Organizations across industries want to categorize and extract insights from high volumes of documents of different formats. Manually processing these documents to classify and extract information remains expensive, error prone, and difficult to scale. Advances in generative artificial intelligence (AI) have given rise to intelligent document processing (IDP) solutions that can automate the document classification, and create a cost-effective classification layer capable of handling diverse, unstructured enterprise documents.
Categorizing documents is an important first step in IDP systems. It helps you determine the next set of actions to take depending on the type of document. For example, during the claims adjudication process, the accounts payable team receives the invoice, whereas the claims department manages the contract or policy documents. Traditional rule engines or ML-based classification can classify the documents, but often reach a limit on types of document formats and support for the dynamic addition of a new classes of document. For more information, see Amazon Comprehend document classifier adds layout support for higher accuracy.
In this post, we discuss document classification using the Amazon Titan Multimodal Embeddings model to classify any document types without the need for training.
Amazon recently introduced Titan Multimodal Embeddings in Amazon Bedrock. This model can create embeddings for images and text, enabling the creation of document embeddings to be used in new document classification workflows.
It generates optimized vector representations of documents scanned as images. By encoding both visual and textual components into unified numerical vectors that encapsulate semantic meaning, it enables rapid indexing, powerful contextual search, and accurate classification of documents.
As new document templates and types emerge in business workflows, you can simply invoke the Amazon Bedrock API to dynamically vectorize them and append to their IDP systems to rapidly enhance document classification capabilities.
Let’s examine the following document classification solution with the Amazon Titan Multimodal Embeddings model. For optimal performance, you should customize the solution to your specific use case and existing IDP pipeline setup.
This solution classifies documents using vector embedding semantic search by matching an input document to an already indexed gallery of documents. We use the following key components:
In the labeling process, a sample set of business documents like invoices, bank statements, or prescriptions are converted into embeddings using the Amazon Titan Multimodal Embeddings model and stored in a vector database against predefined labels.

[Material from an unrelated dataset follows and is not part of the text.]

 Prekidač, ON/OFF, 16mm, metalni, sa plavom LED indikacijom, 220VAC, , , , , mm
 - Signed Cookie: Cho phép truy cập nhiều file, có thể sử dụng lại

The Amazon Titan Multimodal Embedding model was trained using the Euclidean L2 algorithm and therefore for best results the vector database used should support this algorithm.

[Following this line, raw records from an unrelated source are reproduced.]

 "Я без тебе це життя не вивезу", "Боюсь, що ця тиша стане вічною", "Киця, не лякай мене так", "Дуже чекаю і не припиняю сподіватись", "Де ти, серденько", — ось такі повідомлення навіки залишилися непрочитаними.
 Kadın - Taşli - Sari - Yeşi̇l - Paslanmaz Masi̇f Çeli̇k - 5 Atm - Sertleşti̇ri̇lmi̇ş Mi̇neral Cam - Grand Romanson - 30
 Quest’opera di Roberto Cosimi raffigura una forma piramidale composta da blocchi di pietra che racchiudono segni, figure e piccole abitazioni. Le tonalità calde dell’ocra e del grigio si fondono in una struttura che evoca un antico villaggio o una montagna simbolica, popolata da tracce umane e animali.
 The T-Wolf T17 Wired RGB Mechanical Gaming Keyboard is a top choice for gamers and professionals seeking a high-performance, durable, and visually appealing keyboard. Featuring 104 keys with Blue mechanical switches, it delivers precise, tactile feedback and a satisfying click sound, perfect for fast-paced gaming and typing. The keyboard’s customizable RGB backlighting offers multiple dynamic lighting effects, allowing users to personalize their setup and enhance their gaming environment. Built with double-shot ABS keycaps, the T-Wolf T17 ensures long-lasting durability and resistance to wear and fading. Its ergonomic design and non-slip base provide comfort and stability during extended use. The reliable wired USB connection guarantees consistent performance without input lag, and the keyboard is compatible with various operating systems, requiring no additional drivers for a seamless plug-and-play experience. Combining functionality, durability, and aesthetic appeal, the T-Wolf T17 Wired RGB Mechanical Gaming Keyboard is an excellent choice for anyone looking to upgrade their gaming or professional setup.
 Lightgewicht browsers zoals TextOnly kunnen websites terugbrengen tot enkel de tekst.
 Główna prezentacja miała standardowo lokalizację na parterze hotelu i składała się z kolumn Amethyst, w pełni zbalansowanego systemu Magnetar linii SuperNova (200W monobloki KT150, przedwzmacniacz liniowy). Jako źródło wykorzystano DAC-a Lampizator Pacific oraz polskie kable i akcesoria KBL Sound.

The following architecture diagram illustrates how you can use the Amazon Titan Multimodal Embeddings model with documents in an Amazon Simple Storage Service (Amazon S3) bucket for image gallery creation.
The workflow consists of the following steps:
When a new document needs classification, the same embedding model is used to convert the query document into an embedding. Then, a semantic similarity search is performed on the vector database using the query embedding. The label retrieved against the top embedding match will be the classification label for the query document.
The following architecture diagram illustrates how to use the Amazon Titan Multimodal Embeddings model with documents in an S3 bucket for image classification.
The workflow consists of the following steps:
To help you test the solution with your own documents, we have created an example Python Jupyter notebook, which is available on GitHub.
To run the notebook, you need an AWS account with appropriate AWS Identity and Access Management (IAM) permissions to call Amazon Bedrock. Additionally, on the Model access page of the Amazon Bedrock console, make sure that access is granted for the Amazon Titan Multimodal Embeddings model.
In the following steps, replace each user input placeholder with your own information:
inputImageB64
is a base64 encoded byte array representing your document. The response from Amazon Bedrock contains the embeddings.In addition, the Euclidean L2 distance between the image on hand and the found image is also returned. If the image is an exact match, this value would be 0. The larger this value is, the further apart the images are in similarity.
In this section, we discuss additional considerations for using the solution effectively. This includes data privacy, security, integration with existing systems, and cost estimates.
The AWS shared responsibility model applies to data protection in Amazon Bedrock. As described in this model, AWS is responsible for protecting the global infrastructure that runs all of the AWS Cloud. Customers are responsible for maintaining control over their content that is hosted on this infrastructure. As a customer, you are responsible for the security configuration and management tasks for the AWS services that you use.
Amazon Bedrock avoids using customer prompts and continuations to train AWS models or share them with third parties. Amazon Bedrock doesn’t store or log customer data in its service logs. Model providers don’t have access to Amazon Bedrock logs or access to customer prompts and continuations. As a result, the images used for generating embeddings through the Amazon Titan Multimodal Embeddings model are not stored or employed in training AWS models or external distribution. Additionally, other usage data, such as timestamps and logged account IDs, is excluded from model training.
The Amazon Titan Multimodal Embeddings model underwent training with the Euclidean L2 algorithm, so the vector database being used should be compatible with this algorithm.
At the time of writing this post, as per Amazon Bedrock Pricing for the Amazon Titan Multimodal Embeddings model, the following are the estimated costs using on-demand pricing for this solution:
To avoid incurring future charges, delete the resources you created, such as the Amazon SageMaker notebook instance, when not in use.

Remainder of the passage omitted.